His collection is shared between Upper Silesian Museum (Muzeum Górnośląskie w Bytomiu) in Bytom and Staatliches Museum für Tierkunde Dresden in Dresden. He described the birdwing butterfly Troides riedeli.

==Works==
Partial list
- 1865 "Beiträge zur Käferfauna von Bogotá". Berliner Entomologische Zeitschrift. 9: 40-104.
- 1875 "Neue Käfer aus Malacca". Mitteilungen aus dem Koeniglichen Zoologischen Museum zu Dresden. 1: 3-34.
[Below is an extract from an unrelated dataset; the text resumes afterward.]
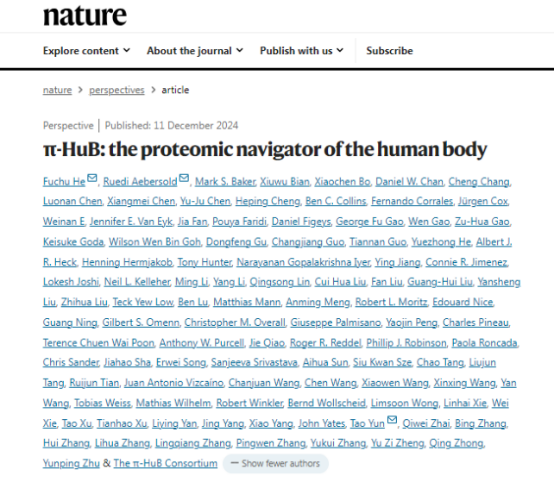 2024年12月11日, Nature在线发布了中国科学家领衔发起、十八位两院院士和十八国科学家团队联合署名的人体蛋白质组导航国际大科学计划(Proteomic Navigator of the Human Body,简称“π-HuB”计划)白皮书,标志着该计划在重大科学问题凝练和全球合作共识凝聚方面取得重大突破,其主要科学目标和实施路径被国际主流科技界正式认可。

- 1876 "Beitrag zur Kenntnis der Coleopteren-fauna von Neu Guinea". Mitteilungen aus dem Koeniglichen Zoologischen Museum zu Dresden. 2: 137-161.
- 1876 "Beiträge zur Kenntniss der Lepidopteren-Fauna von Neu-Guinea"
- 1876 "Beiträge zur Kenntnis der peruanischen Käferfauna auf Dr. Abendroth's Sammlungen basirt". Deutsche Entomologische Zeitschrift. 20: 81-133.
- 1883 "Neue südamerikanische Käfer". Berliner Entomologische Zeitschrift. 27: 187-213.